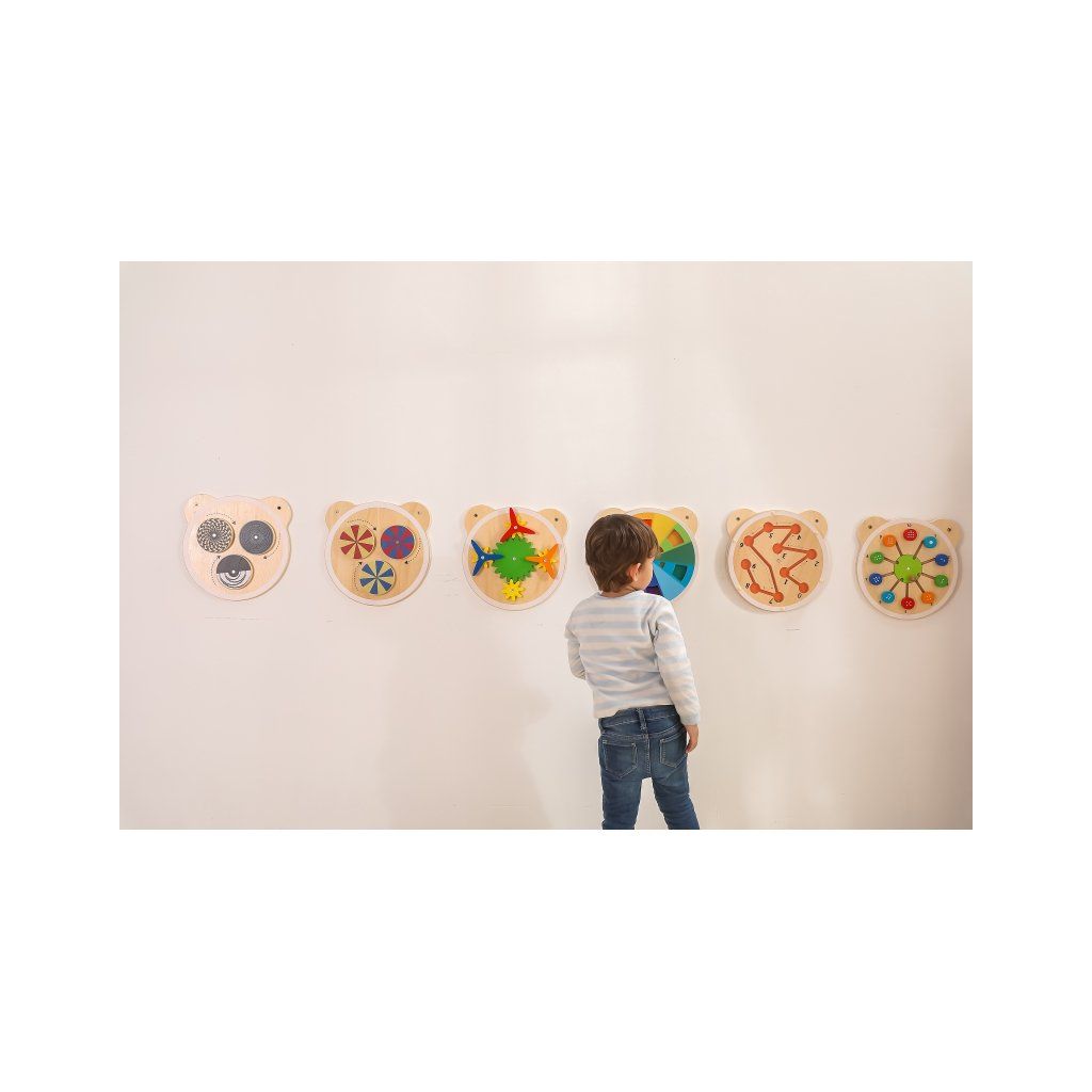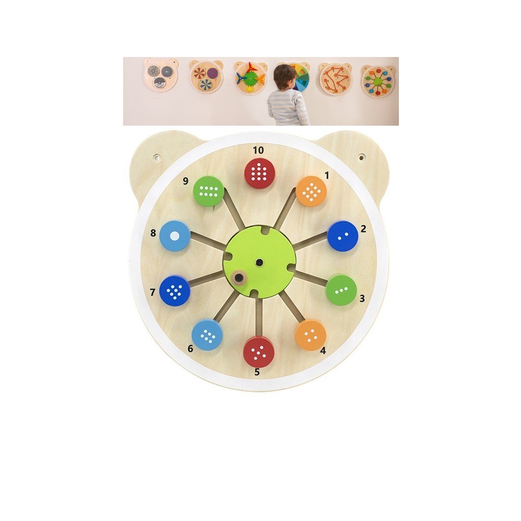 Jedna zo série drevených dosiek s roztomilou hlavou medvedíka. Doska s okrúhlymi blokmi so správnym počtom bodiek, ktoré zodpovedajú príslušnému číslu na doske. Výrobok je ideálny na použitie doma a vo vzdelávacích a predškolských zariadeniach. Zaujímavý design tvaru tabule určite upúta pozornosť každého batoľaťa. Celá súprava je vyrobená z lakovaného dreva a natretá netoxickými farbami v žiarivých farbách, ktoré uspokoja každého používateľa a poskytnú mu veľa zábavy. Výrobok je určený pre deti od 18 mesiacov. V našej ponuke nájdete celú sériu hlavičiek s medvedíkmi. Hra pozostáva z presúvania okrúhlych kociek tak, aby sa príslušný počet bodiek na kocke zhodoval s príslušným číslom na hracej ploche. Všetko je vyrobené z lakovaného dreva a natreté netoxickými farbami v žiarivých farbách. Rozmery: š. 30 x v. 30 x hl. 3,2 cm Materiál: drevoDodatočné parametre
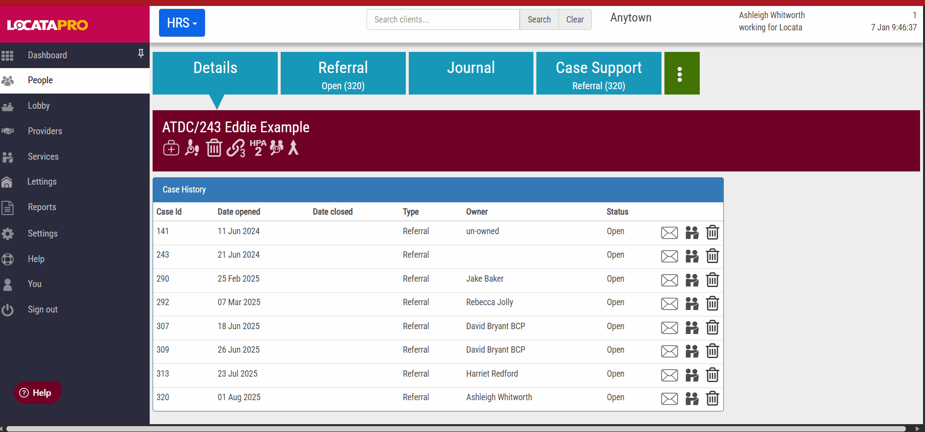 When viewing a clients individual case there are a variety of case management tools available. By hovering over the icon a prompt will display to explain what the icon does:
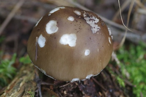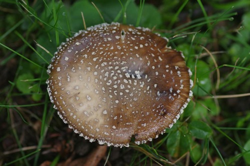 Foto: Pantherpilz 1: Er hat viele kleine weiße Flöckchen, die Hüllreste des Velum universale. Sein Hutrand ist gerieft, was vor allem bei älteren Pilzen deutlich hervortritt.
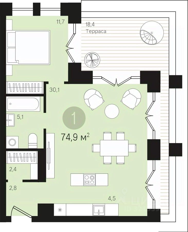 Однокомнатная квартира с предчистовой отделкой в ЖК "Гудзон" на 8 этаже. Общая площадь: 74.92 кв.м., жилая: 11.7 кв.м., площадь просторной кухни-гостиной: 34.5 кв.м. Квартира угловая, окна oбecпeчивaют paвнoмepнoe ocвeщeниe в тeчeниe дня. В квартире один балкон, один совмещенный санузел. Наличие террасы размером 18.4 кв.м. в квартире дает возможность для обустройства дополнительной площади. Высота потолков 2.72 м.
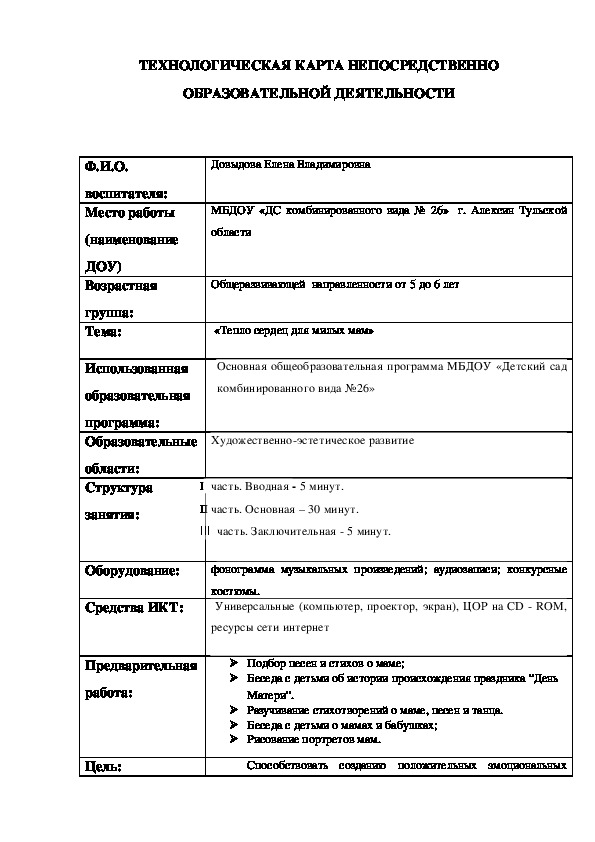 г. АлексинТЕХНОЛОГИЧЕСКАЯ КАРТА НЕПОСРЕДСТВЕННО
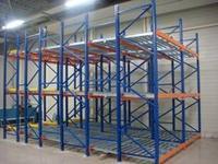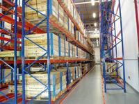 駛入式貨架投資成本相對比較低,適用於橫向尺寸較大,品種較少,數量較多,常用來儲存大批相同類型貨物,由於其存儲密度大對地面空間利用率較高,常用於冷凍庫等存儲空間成本較高的倉庫。,是一種不以通道分割,連續性的整體性貨架,此種貨架適用於存放品種單一,大批量的貨物,倉庫利用率可達到80%左右,是空間利用率最高的貨架,常用於冷庫等儲存空間成本較高的倉庫。在支撐導軌上,托盤按深度方向存放,一個緊接著一個,這使得高密度存儲成為可能。貨物存取從貨架同一側進出,先存後取、後存先取,平衡重及前移式叉車可方便地駛入貨架中間存取貨物。駛入式貨架投資成本相對比較低,適用於橫向尺寸較大,品種較少,數量較多,常用來儲存大批相同類型貨物,由於其存儲密度大對地面空間利用率較高,常用於冷凍庫等存儲空間成本較高的倉庫。橫樑式貨架
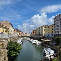 Livorno nas je na nek način presenetil. To ni tipično toskansko mesto z renesančnimi palačami, ampak živahno, pristno pristanišče z edinstvenim značajem. Ustanovljeno v 16. stoletju kot "idealno mesto" Medičejcev, je bilo zamišljeno kot svobodno pristanišče, ki je privabljalo trgovce z vsega sveta. Ta multikulturna dediščina se čuti še danes. Malo smo šli pokukati v osrednjo mestno tržnico. Verjamem, da je včasih tukaj bilo živahno vzdušje, stojnice, polne svežih rib, morskih sadežev, lokalne zelenjave in sirov, ampak, nekako ni bilo tistega pravega občutka tržnice. Ogromno stojnic zaprtih, skratka, pričakovali smo več. Nadaljevali smo v verjetno nekdaj očarljivi četrti, prepredeni s kanali, mostovi in visokimi pastelnimi hišami. Sprehod ob kanalih nas je, kljub imenu “Male Benetke”, bolj spominjal na Trst. Potem smo šli skozi mesto ob obali na kosilo in mini nakup, ter počasi nadaljevali naprej. Livorno nas odkrito ni navdušil.
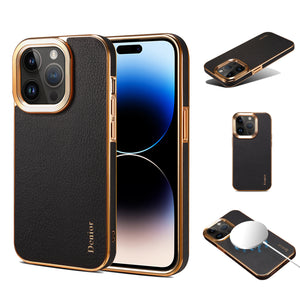 Premium calf-skin leather, electroplated gold frame for luxury. Wireless charging compatible, no need to remove. Slim & portable, full camera protection, precise cutouts, stylish & functional.
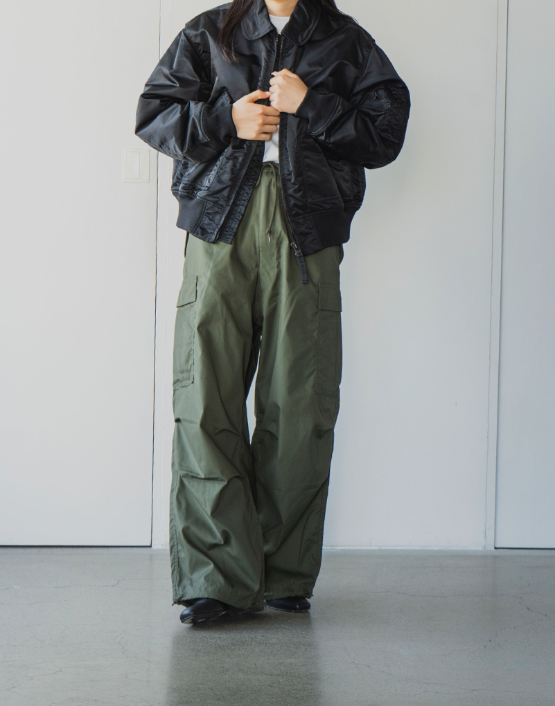 カジュアルな素材感ですが丸みのあるバレルシルエットなので女性でも履きやすい一本。
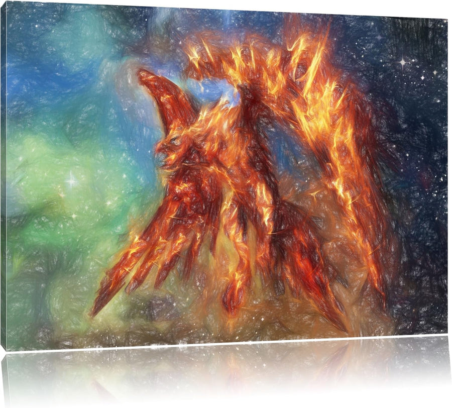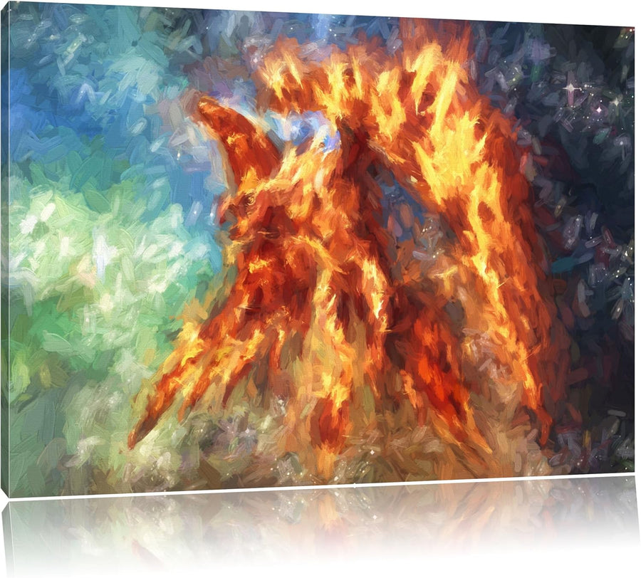 Pixxprint Feuriger Adler als Leinwandbild/Grösse: 100x70 cm/Wandbild/Kunstdruck/fertig bespannt, 100
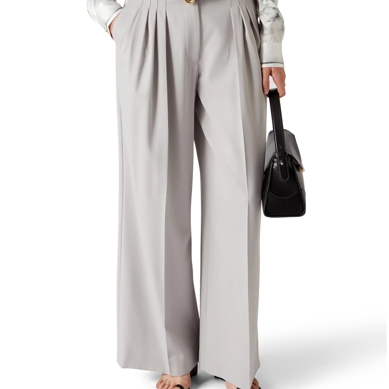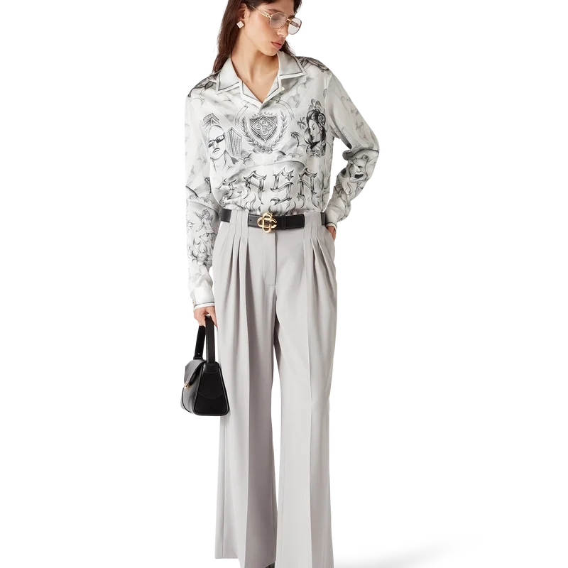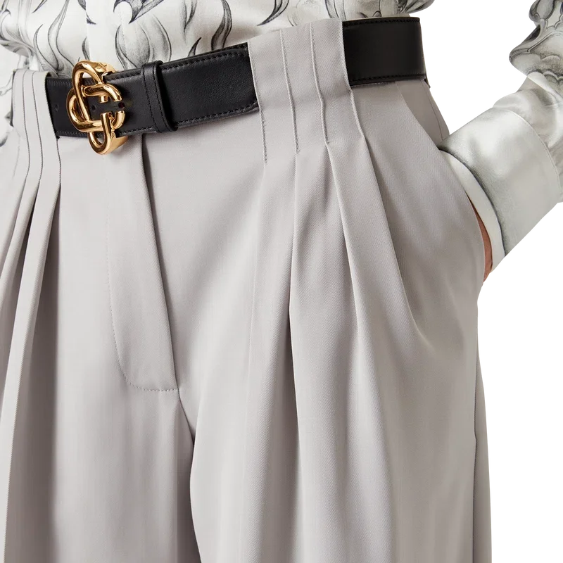 De wollen broek met drie plooien heeft een rechte pijp en is gemaakt van 100% scheerwol. Afgewerkt met een ritssluiting, drie plooien aan de voorkant, schuine voorzakken, een voering van katoenmix, paspelzakken aan de achterkant met platte Cc-logoknopen en riemlussen.
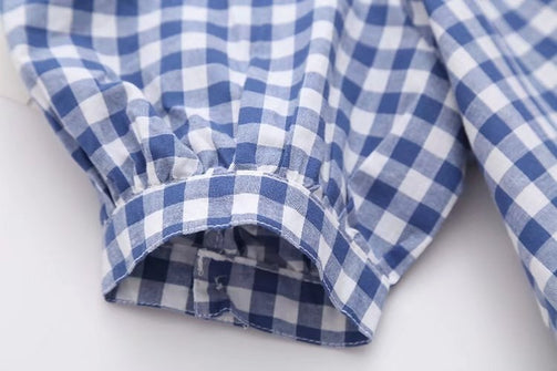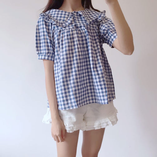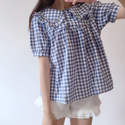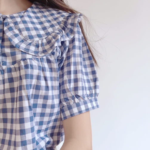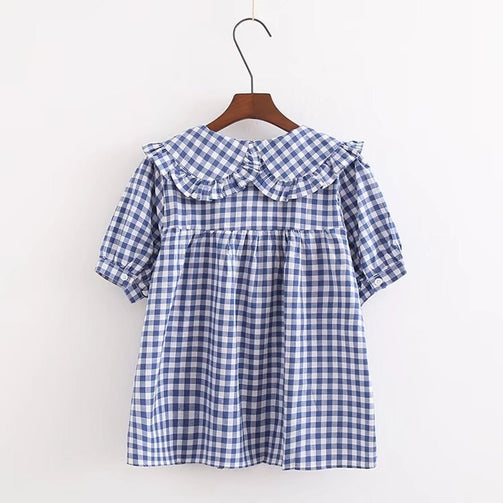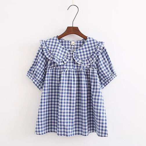 Preppy Lolita Style Women Shirts Tops Cotton Linen Peter Pan Collar Ladies Blouses Blue Plaid Printed Loose Blouses Summer New
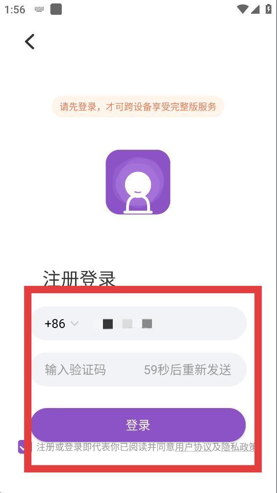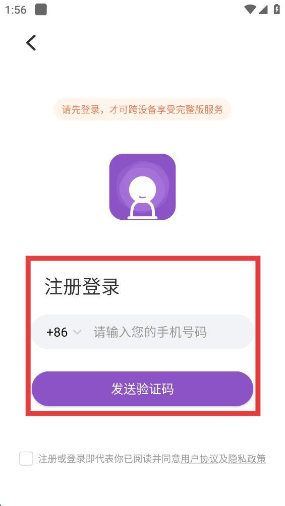 3、在注冊(cè)登錄頁面輸入你的手機(jī)號(hào)碼,點(diǎn)擊發(fā)送驗(yàn)證碼。
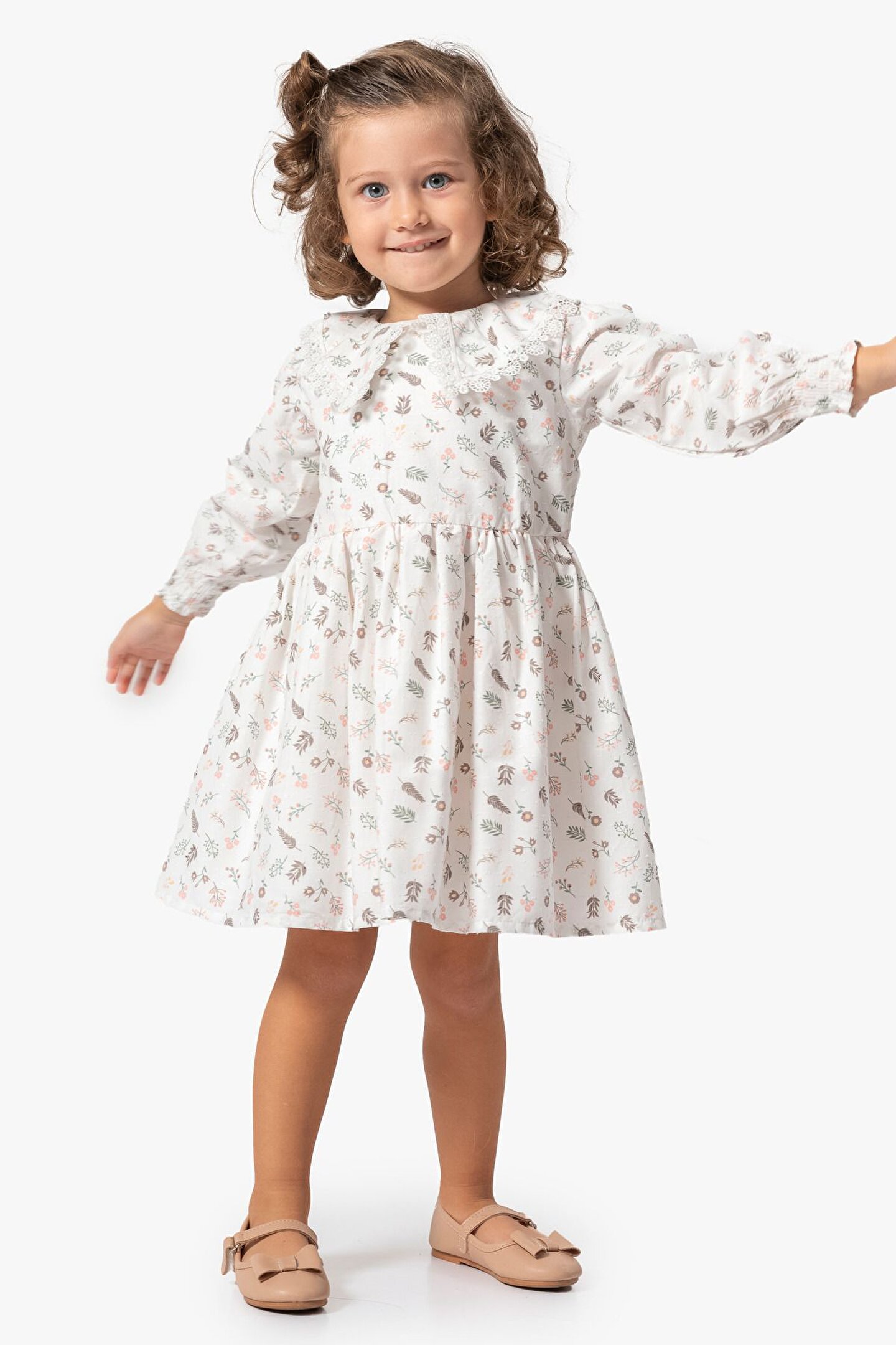 Kız Bebek Elbise Kız Çocuk Elbise Yakalı Doğum Günü Parti Düğün Özel Gün Uzun Kol Astarlı Çiçekli
◇ ◇ ◇ ◇ ◇ ◇ ◇
● Task brief: Print all the lines above again exactly, without any pictures.

● Answer to this exercise:
 Jedna zo série drevených dosiek s roztomilou hlavou medvedíka. Doska s okrúhlymi blokmi so správnym počtom bodiek, ktoré zodpovedajú príslušnému číslu na doske. Výrobok je ideálny na použitie doma a vo vzdelávacích a predškolských zariadeniach. Zaujímavý design tvaru tabule určite upúta pozornosť každého batoľaťa. Celá súprava je vyrobená z lakovaného dreva a natretá netoxickými farbami v žiarivých farbách, ktoré uspokoja každého používateľa a poskytnú mu veľa zábavy. Výrobok je určený pre deti od 18 mesiacov. V našej ponuke nájdete celú sériu hlavičiek s medvedíkmi. Hra pozostáva z presúvania okrúhlych kociek tak, aby sa príslušný počet bodiek na kocke zhodoval s príslušným číslom na hracej ploche. Všetko je vyrobené z lakovaného dreva a natreté netoxickými farbami v žiarivých farbách. Rozmery: š. 30 x v. 30 x hl. 3,2 cm Materiál: drevoDodatočné parametre
 When viewing a clients individual case there are a variety of case management tools available. By hovering over the icon a prompt will display to explain what the icon does:
 Foto: Pantherpilz 1: Er hat viele kleine weiße Flöckchen, die Hüllreste des Velum universale. Sein Hutrand ist gerieft, was vor allem bei älteren Pilzen deutlich hervortritt.
 Однокомнатная квартира с предчистовой отделкой в ЖК "Гудзон" на 8 этаже. Общая площадь: 74.92 кв.м., жилая: 11.7 кв.м., площадь просторной кухни-гостиной: 34.5 кв.м. Квартира угловая, окна oбecпeчивaют paвнoмepнoe ocвeщeниe в тeчeниe дня. В квартире один балкон, один совмещенный санузел. Наличие террасы размером 18.4 кв.м. в квартире дает возможность для обустройства дополнительной площади. Высота потолков 2.72 м.
 г. АлексинТЕХНОЛОГИЧЕСКАЯ КАРТА НЕПОСРЕДСТВЕННО
 駛入式貨架投資成本相對比較低,適用於橫向尺寸較大,品種較少,數量較多,常用來儲存大批相同類型貨物,由於其存儲密度大對地面空間利用率較高,常用於冷凍庫等存儲空間成本較高的倉庫。,是一種不以通道分割,連續性的整體性貨架,此種貨架適用於存放品種單一,大批量的貨物,倉庫利用率可達到80%左右,是空間利用率最高的貨架,常用於冷庫等儲存空間成本較高的倉庫。在支撐導軌上,托盤按深度方向存放,一個緊接著一個,這使得高密度存儲成為可能。貨物存取從貨架同一側進出,先存後取、後存先取,平衡重及前移式叉車可方便地駛入貨架中間存取貨物。駛入式貨架投資成本相對比較低,適用於橫向尺寸較大,品種較少,數量較多,常用來儲存大批相同類型貨物,由於其存儲密度大對地面空間利用率較高,常用於冷凍庫等存儲空間成本較高的倉庫。橫樑式貨架
 Livorno nas je na nek način presenetil. To ni tipično toskansko mesto z renesančnimi palačami, ampak živahno, pristno pristanišče z edinstvenim značajem. Ustanovljeno v 16. stoletju kot "idealno mesto" Medičejcev, je bilo zamišljeno kot svobodno pristanišče, ki je privabljalo trgovce z vsega sveta. Ta multikulturna dediščina se čuti še danes. Malo smo šli pokukati v osrednjo mestno tržnico. Verjamem, da je včasih tukaj bilo živahno vzdušje, stojnice, polne svežih rib, morskih sadežev, lokalne zelenjave in sirov, ampak, nekako ni bilo tistega pravega občutka tržnice. Ogromno stojnic zaprtih, skratka, pričakovali smo več. Nadaljevali smo v verjetno nekdaj očarljivi četrti, prepredeni s kanali, mostovi in visokimi pastelnimi hišami. Sprehod ob kanalih nas je, kljub imenu “Male Benetke”, bolj spominjal na Trst. Potem smo šli skozi mesto ob obali na kosilo in mini nakup, ter počasi nadaljevali naprej. Livorno nas odkrito ni navdušil.
 Premium calf-skin leather, electroplated gold frame for luxury. Wireless charging compatible, no need to remove. Slim & portable, full camera protection, precise cutouts, stylish & functional.
 カジュアルな素材感ですが丸みのあるバレルシルエットなので女性でも履きやすい一本。
 Pixxprint Feuriger Adler als Leinwandbild/Grösse: 100x70 cm/Wandbild/Kunstdruck/fertig bespannt, 100
 De wollen broek met drie plooien heeft een rechte pijp en is gemaakt van 100% scheerwol. Afgewerkt met een ritssluiting, drie plooien aan de voorkant, schuine voorzakken, een voering van katoenmix, paspelzakken aan de achterkant met platte Cc-logoknopen en riemlussen.
 Preppy Lolita Style Women Shirts Tops Cotton Linen Peter Pan Collar Ladies Blouses Blue Plaid Printed Loose Blouses Summer New
 3、在注冊(cè)登錄頁面輸入你的手機(jī)號(hào)碼,點(diǎn)擊發(fā)送驗(yàn)證碼。
 Kız Bebek Elbise Kız Çocuk Elbise Yakalı Doğum Günü Parti Düğün Özel Gün Uzun Kol Astarlı Çiçekli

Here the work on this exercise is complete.